El oxímoron, recurso retórico formidable que puede servirnos para explicar delicadezas místicas (recordemos a San Juan de la Cruz: «soledad sonora», «música callada», etcétera) y estados anímicos paradójicos (recordemos a Garcilaso de la Vega: «tempestad serena», «dulce lamentar», etcétera), se convierte en contorsión grotesca del idioma o vergonzante eufemismo en manos de politicastros. Así ocurre cuando hablan de “prisión permanente revisable”; pues saben que no pueden hablar de cadena perpetua, ya que su idolesa doña Constitución aboga por la reinserción del delincuente.

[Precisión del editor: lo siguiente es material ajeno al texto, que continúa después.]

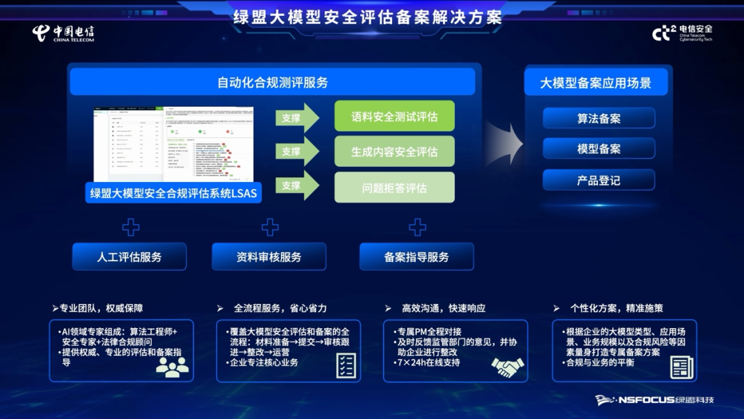 面对新一轮科技 革命 和产业变革的战略机遇, 绿盟科技 始终站在技术前沿,深度融合人工智能与网络安全技术,为运营商网络与业务系统提供智能、主动、全生命周期的安全防护能力。面向未来, 绿盟科技 愿与 中国电信 及行业伙伴携手,共同应对新时代下的网络安全挑战,共同打造数智科技生态繁荣,推动千行百业智能化、绿色化、融合化转型升级。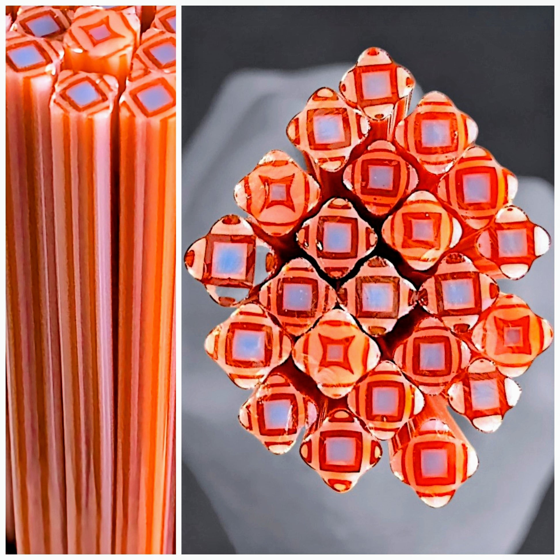 S/M Cane: 5 pieces of cane each approximately 2" in length from various areas of the pull for variety. Width of M/LG Square Cane is typically 6mm - 8.5mm.

Pero, como señaló con gran cinismo Gregorio Peces-Barba refiriéndose precisamente a la Constitución, «el problema del derecho es el problema de la fuerza que está detrás del poder político y de la interpretación». Quien quiera introducir la cadena perpetua (o cualquier eufemismo u oxímoron semejante) en un ordenamiento positivista como el nuestro no tiene más que seguir el cínico consejo de Peces-Barba y esperar a tener mayoría en el Congreso (o sea, la fuerza que está detrás del poder político) y en el Tribunal Constitucional (o sea, la fuerza que está detrás de la interpretación de las leyes). Y todo lo demás son mandangas. Pretender legitimar el cinismo relativista propio del positivismo jurídico metiendo en el guiso a los padres de las víctimas es montar sobre una hipocresía inmunda otra todavía más fétida. Allá donde hay un legislador con sentido de la Justicia, no hace falta “escuchar” a ninguna víctima.

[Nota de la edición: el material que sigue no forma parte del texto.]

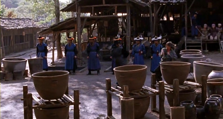 바로 이들이 찬 검은 왜도입니다. 일본도입니다. 물론 고려시대부터 왜도가 수입되어서 운용되었다는 점을 볼때 조선초기인만큼 일본도를 착용하여 운용한게 고증과 크게 다르다 보기는 어렵더라도.. 최소한 환도나 운검 혹은 쌍수도가 다수였다면 좋았지 않았을까요? 물론 운검의 경우 예식용이고 쌍수도의 경우 척계광이 왜도에 대응하기 위해 만들어졌다는 점과 당시 환도는 임진왜란 이후 길이가 길어졌다는 점을 고려한다면.. (물론 그전에도 소/중/대로 환도가 분류되어 있음)현재 한국인 체형 당시보다 커진 체형에는 긴 왜도가 맞을지 모르나 고증상으로는 조선초기 현재의 환도보다 좀 짧은 형태나 저런 왜도만을 사용한건 좀 맞지 않는 형태가 아닐까 합니다. 차라리 대환도를 사용했다면 그나마라도 조선군의 도운용에서의 모습을 볼수 있었겠지만 말이죠. 더욱이 전원다 왜도이니.. 그것 또한 문제가 아닐수 없다는 것이라 생각합니다.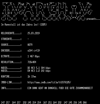 | FiLENAME: | Im.Rennstall.ist.das.Zebra.los.2005.GERMAN.DL.HDTVRip.x264.iNTERNAL-TVARCHiV.mkv |

Estas cuestiones sólo se podrán tratar cabalmente cuando las leyes sean auténtico Derecho; es decir, cuando se funden en la virtud de la Justicia, que nos enseña que todo derecho personal se funda en un deber correlativo. Entonces tendrá derecho al bien de la vida quien se someta al deber de respetar las vidas ajenas; quien no lo haga, declinará su derecho y, por lo tanto, podrá ser despojado del bien de la vida (aunque no de su derecho a salvar su alma, pues Dios será entonces el único que podrá “revisar” su condena terrenal “permanente”). En cambio, mientras las leyes no se funden en la virtud de la Justicia, la preocupación por la salvación del alma del criminal se sustituye por su sucedáneo terrenal, que es la “reinserción”; y su derecho a la vida se vuelve absoluto, aunque infrinja el deber correlativo y se dedique a quitársela alevosamente a otros.
Para afrontar seriamente esta cuestión habría, en primer lugar, que desembarazarse de hipocresías. Así, habría que recordar que la cadena perpetua, al igual que todos sus eufemismos u oxímoros, son subterfugios crueles de la pena de muerte. Pues lo que estos subterfugios postulan es la plena disponibilidad de la vida por parte del poder público mediante la privación de libertad, hasta su consunción física; lo cual es mucho más cruel que la pena de muerte, que sólo abrevia fulminantemente la vida del condenado, evitándole sufrimientos estériles. Tanto la pena de muerte como sus subterfugios pueden ser recursos punitivos legítimos en casos excepcionales, allá donde el Derecho se funda en la virtud de la Justicia. En cambio, allá donde el derecho es una componenda positivista/relativista, dependiente de «la fuerza que está detrás del poder político y de la interpretación», pueden convertirse en instrumentos peligrosísimos para la persecución del inocente (simplemente porque disienta o estorbe).
«Sin la virtud de la justicia, ¿qué son los gobiernos, sino juntas de ladrones?», se preguntaba San Agustín. Entregar instrumentos penales tan extremos a cínicos que hacen depender las leyes «de la fuerza que está detrás del poder político y de la interpretación» es aún más peligroso que entregar yesca y pedernal a Eróstrato.
Publicado en ABC el 17 de marzo de 2018.